If countries differ in the fundamental characteristics, the Solow model predicts conditional convergence. This means that standards of living will converge only within groups of countries having similar characteristics.

Does the Solow model predict absolute convergence?

In accordance with the absolute convergence hypothesis, the Solow-Swan model would predict that these two nations would subsequently grow faster than other industrialized countries in the immediate post-war period -- as indeed they did.

How does the Solow model predict convergence What is the evidence on this prediction?

The Solow model makes the prediction that whether economies converge depends on why they differed in the first place. On the one hand, if two economies with the same steady state had started off with different stocks of capital then we would expect them to converge.

What does the Solow growth model predict?
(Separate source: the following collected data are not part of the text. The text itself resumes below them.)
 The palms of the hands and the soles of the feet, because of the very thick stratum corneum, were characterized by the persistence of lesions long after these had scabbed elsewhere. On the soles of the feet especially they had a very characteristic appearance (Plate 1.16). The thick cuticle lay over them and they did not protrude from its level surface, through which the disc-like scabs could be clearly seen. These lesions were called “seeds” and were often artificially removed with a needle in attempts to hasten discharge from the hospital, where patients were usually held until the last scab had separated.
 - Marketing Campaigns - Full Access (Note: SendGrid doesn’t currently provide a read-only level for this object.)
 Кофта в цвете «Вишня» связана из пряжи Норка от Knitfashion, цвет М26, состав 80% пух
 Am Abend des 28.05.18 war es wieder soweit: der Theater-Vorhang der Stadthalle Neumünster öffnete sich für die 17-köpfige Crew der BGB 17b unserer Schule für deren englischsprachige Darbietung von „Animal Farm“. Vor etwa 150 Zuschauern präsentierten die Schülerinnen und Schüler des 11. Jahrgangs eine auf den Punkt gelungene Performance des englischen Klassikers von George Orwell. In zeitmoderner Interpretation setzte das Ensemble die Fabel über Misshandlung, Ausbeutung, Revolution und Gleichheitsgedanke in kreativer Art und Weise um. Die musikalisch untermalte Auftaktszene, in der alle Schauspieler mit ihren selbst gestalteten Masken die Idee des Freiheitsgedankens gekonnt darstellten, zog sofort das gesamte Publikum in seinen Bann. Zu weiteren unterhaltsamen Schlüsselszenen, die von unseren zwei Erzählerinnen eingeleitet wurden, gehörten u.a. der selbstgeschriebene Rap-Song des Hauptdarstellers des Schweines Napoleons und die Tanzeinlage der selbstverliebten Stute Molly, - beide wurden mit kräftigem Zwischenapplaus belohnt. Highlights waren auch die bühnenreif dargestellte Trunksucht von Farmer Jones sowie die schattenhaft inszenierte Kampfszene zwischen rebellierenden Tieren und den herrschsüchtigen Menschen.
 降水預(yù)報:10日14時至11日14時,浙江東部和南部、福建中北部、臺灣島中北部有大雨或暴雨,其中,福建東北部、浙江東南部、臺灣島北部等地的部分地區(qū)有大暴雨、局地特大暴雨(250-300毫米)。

The Solow model predicts that a policy of encouraging growth through more capital accumulation will tend to tail off over time producing a once-off increase in output per worker. In contrast, a policy that promotes the growth rate of TFP can lead to a sustained higher growth rate of output per worker.

What does absolute convergence mean in economics?

Absolute convergence is the idea that the output per capita of developing countries will match developed countries, regardless of their specific characteristics. This argument builds on the fact that developing countries have a lower ratio of capital per worker compared to developed countries.

What is growth convergence?

The basic idea of convergence in growth rates among countries is that if regions are similar in structural parameters such as preferences and technology, then poor regions will tend to grow faster than rich ones [17].

What does the convergence hypothesis help explain?

The idea of convergence in economics (also sometimes known as the catch-up effect) is the hypothesis that poorer economies' per capita incomes will tend to grow at faster rates than richer economies, and in the Solow growth model, economic growth is driven by the accumulation of physical capital until this optimum ...

What is convergence theory?

Concept description. Ashley Crossman (reference below) describes convergence theory as the presumption that “as nations move from the early stages of industrialization toward becoming fully industrialized, they begin to resemble other industrialized societies in terms of societal norms and technology.”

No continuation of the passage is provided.